:: DATA EXCERPT
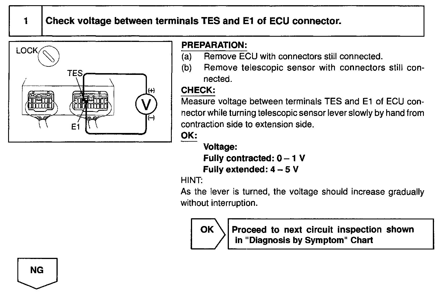 The voltage at terminal TES varies with position and is input to the ECU.
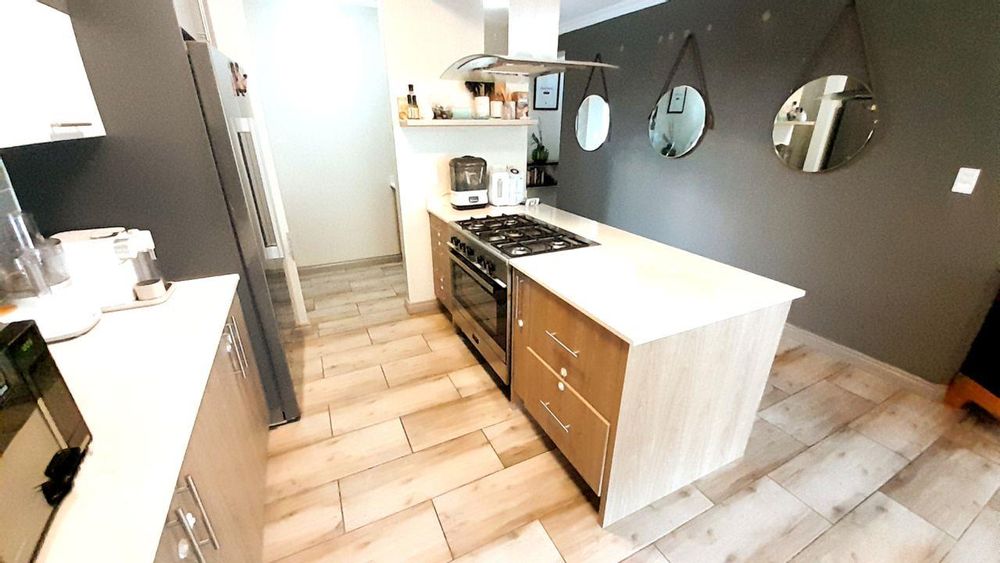The open plan kitchen is adorned with exquisite finishes, including a stunning granite top kitchen unit, a built-in oven, and a stove. The spacious house is fully tiled, featuring one elegant bathroom and one ensuite. The bedrooms are equipped with beautiful state of the art built-in wardrobes.
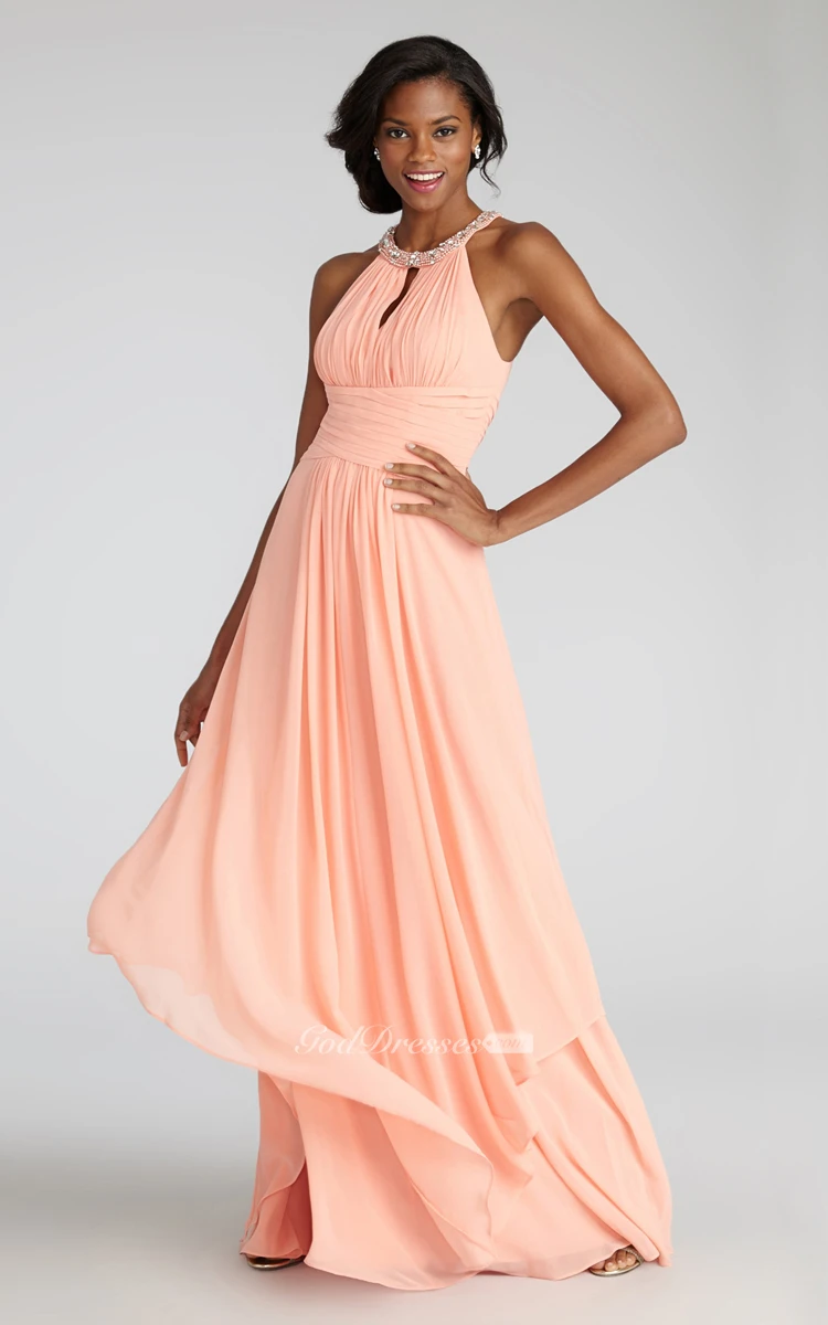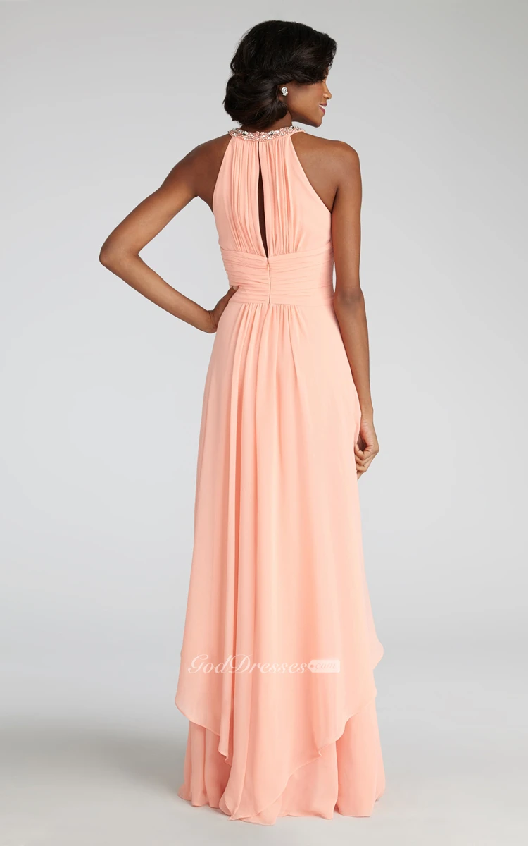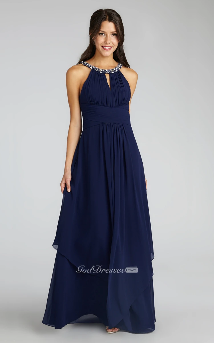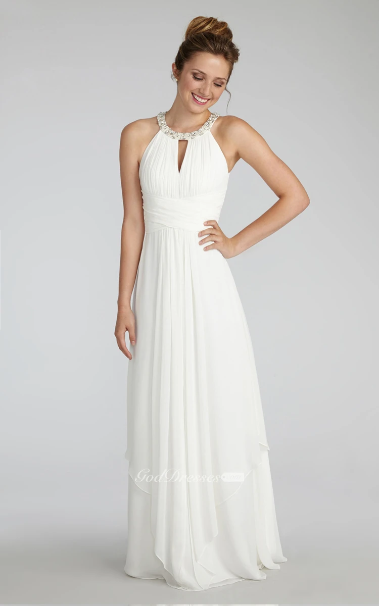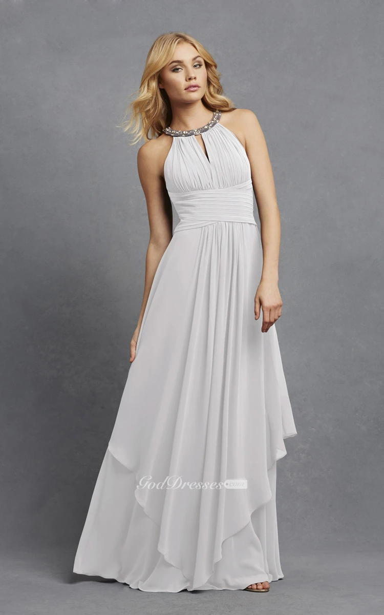 Long-Chiffon Jewel-Neck Unique Dress With Keyhole
::::
**AIM OF THE TASK**
Return all of the material exactly, without pictures.

**YOUR SOLUTION**
 The voltage at terminal TES varies with position and is input to the ECU.
The open plan kitchen is adorned with exquisite finishes, including a stunning granite top kitchen unit, a built-in oven, and a stove. The spacious house is fully tiled, featuring one elegant bathroom and one ensuite. The bedrooms are equipped with beautiful state of the art built-in wardrobes.
 Long-Chiffon Jewel-Neck Unique Dress With Keyhole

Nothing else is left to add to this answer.